Reproduce the listing word for word, leaving every picture behind.
************
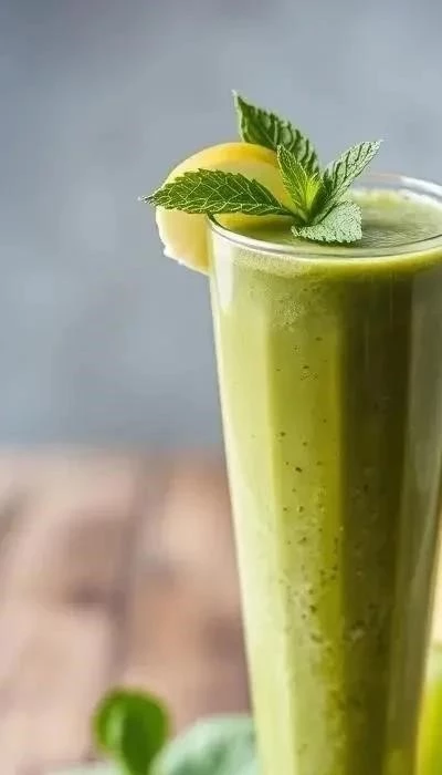 Состав: шпинат, банан, зеленое яблоко, кусочек имбиря, вода или кокосовая вода. Все ингредиенты взбить в блендере до однородности. Этот напиток богат антиоксидантами и клетчаткой, дарит моментальный прилив энергии и улучшает пищеварение.
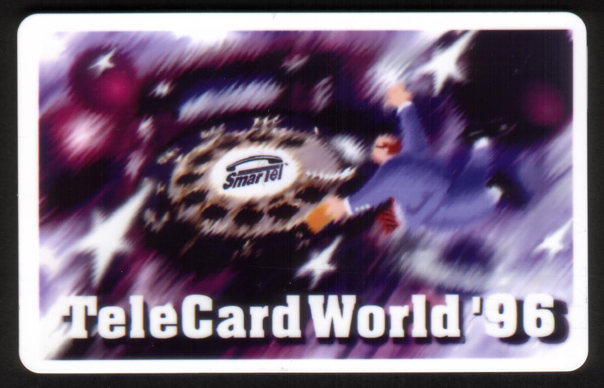 This set celebrates telecommunication technology through the lens of a significant industry event in Atlanta, emphasizing collectible phone cards as both functional items and memorabilia. The graphics blend traditional telephone imagery with outer space themes, reflecting the broad and innovative nature of telephony during that time. The presence of “TeleCard Events” and “SmarTel Communication” affirm the official and licensed nature of the collection within the telecommunications community.
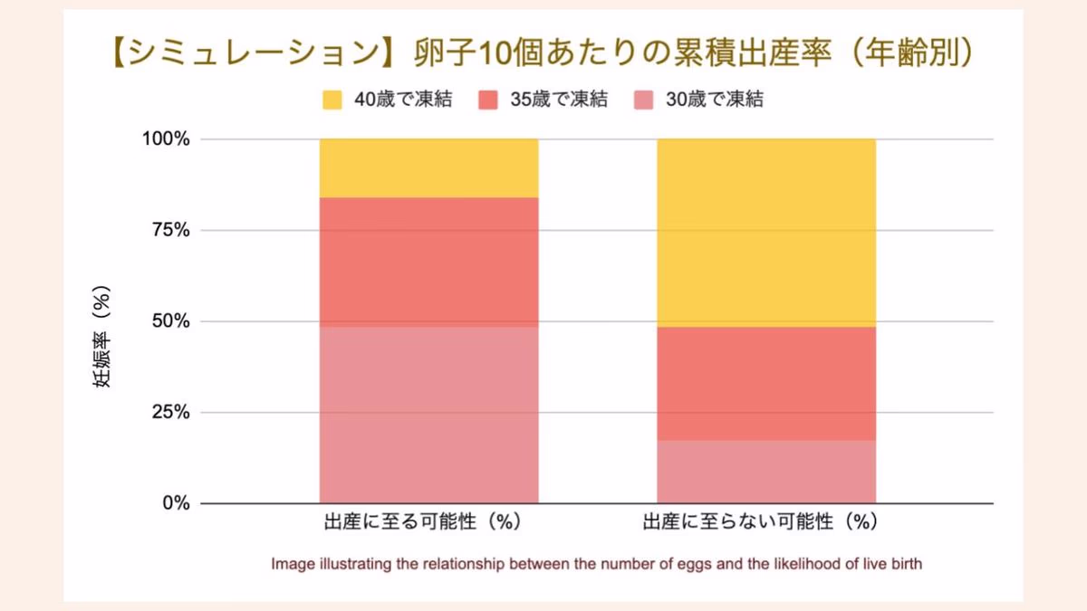 「凍結すれば100%安心」と言い切れないのが心苦しい現実ですが、凍結時の年齢は、将来赤ちゃんに出会える確率に直結します。
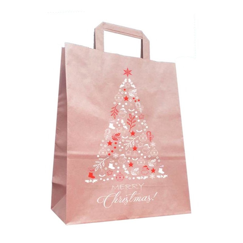 250x Papiertragetaschen 26 + 12 x 35 cm 80 g/m2 weihnachtliches Motiv "Merry Christmas"
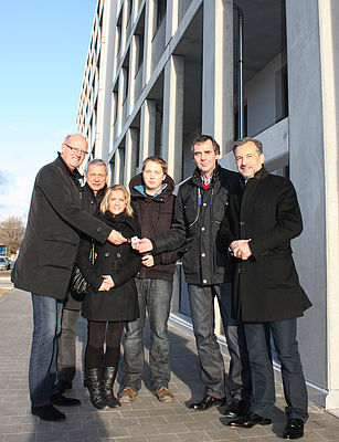 Nach 1,5 Jahren Bauzeit, 2 großen get2gether, vielen roomie lounges und viel Spaß und Arbeit für alle Beteiligten war es letzte Woche so weit: Am Montag wurden die 98 Apartments und am Mittwoch die 42 WGs des Projektes CITYCOM? an ihre Bewohner übergeben! Viele frischgebackene WG-Bewohner kamen am Mittwoch gleich mit einer Vielzahl von Koffern um sofort, wenn auch provisorisch, einziehen zu können. Eine teilmöblierte Wohnküche inkl. aller Geräte, die in allen WGs zu finden ist, ermöglichte ihnen immerhin eine gute Verpflegung für die ersten Tage. Die Begeisterung endlich „richtig loslegen“ zu können war groß. Auch ÖSW Vorstand Wolfgang Wahlmüller gab sich bei der Übergabe begeistert: „Es ist mir eine Freude zu sehen wie viele junge und junggebliebene Menschen hier gemeinsam einen neuen Lebensabschnitt beginnen! Ich wünsche der gesamten CITYCOM? Community einen guten Start in ihren neuen vier Wänden!“
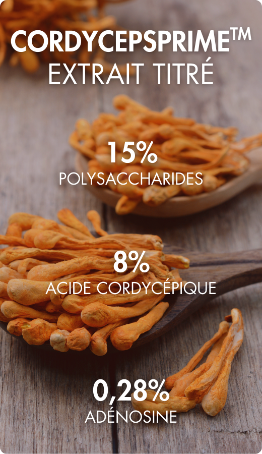 • CordycepsPrimeTM: Extrait déposé de mycélium de Cordyceps sinensis CS-4 naturel issu de fermentation, titré à 15% en polysaccharides, 8% en acide cordycépique, et 0,28% d’adénosine, à l’efficacité cliniquement démontrée
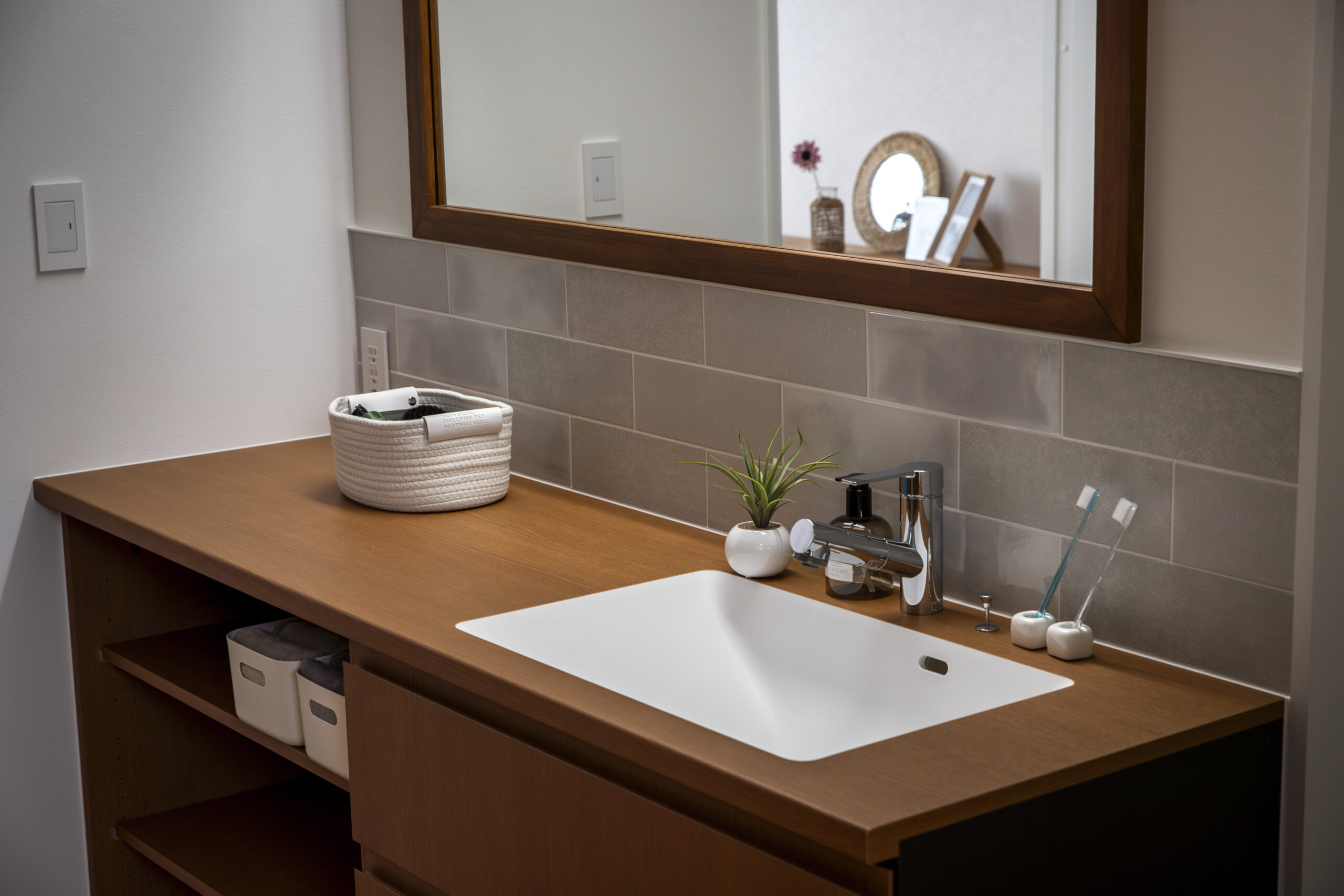 洗面台は二人並んで使える広さ。ボウルとカウンターに段差がなく、掃除もラクラク!
************
* _THE COMPLETED TASK_:
 Состав: шпинат, банан, зеленое яблоко, кусочек имбиря, вода или кокосовая вода. Все ингредиенты взбить в блендере до однородности. Этот напиток богат антиоксидантами и клетчаткой, дарит моментальный прилив энергии и улучшает пищеварение.
 This set celebrates telecommunication technology through the lens of a significant industry event in Atlanta, emphasizing collectible phone cards as both functional items and memorabilia. The graphics blend traditional telephone imagery with outer space themes, reflecting the broad and innovative nature of telephony during that time. The presence of “TeleCard Events” and “SmarTel Communication” affirm the official and licensed nature of the collection within the telecommunications community.
 「凍結すれば100%安心」と言い切れないのが心苦しい現実ですが、凍結時の年齢は、将来赤ちゃんに出会える確率に直結します。
 250x Papiertragetaschen 26 + 12 x 35 cm 80 g/m2 weihnachtliches Motiv "Merry Christmas"
 Nach 1,5 Jahren Bauzeit, 2 großen get2gether, vielen roomie lounges und viel Spaß und Arbeit für alle Beteiligten war es letzte Woche so weit: Am Montag wurden die 98 Apartments und am Mittwoch die 42 WGs des Projektes CITYCOM? an ihre Bewohner übergeben! Viele frischgebackene WG-Bewohner kamen am Mittwoch gleich mit einer Vielzahl von Koffern um sofort, wenn auch provisorisch, einziehen zu können. Eine teilmöblierte Wohnküche inkl. aller Geräte, die in allen WGs zu finden ist, ermöglichte ihnen immerhin eine gute Verpflegung für die ersten Tage. Die Begeisterung endlich „richtig loslegen“ zu können war groß. Auch ÖSW Vorstand Wolfgang Wahlmüller gab sich bei der Übergabe begeistert: „Es ist mir eine Freude zu sehen wie viele junge und junggebliebene Menschen hier gemeinsam einen neuen Lebensabschnitt beginnen! Ich wünsche der gesamten CITYCOM? Community einen guten Start in ihren neuen vier Wänden!“
 • CordycepsPrimeTM: Extrait déposé de mycélium de Cordyceps sinensis CS-4 naturel issu de fermentation, titré à 15% en polysaccharides, 8% en acide cordycépique, et 0,28% d’adénosine, à l’efficacité cliniquement démontrée
 洗面台は二人並んで使える広さ。ボウルとカウンターに段差がなく、掃除もラクラク!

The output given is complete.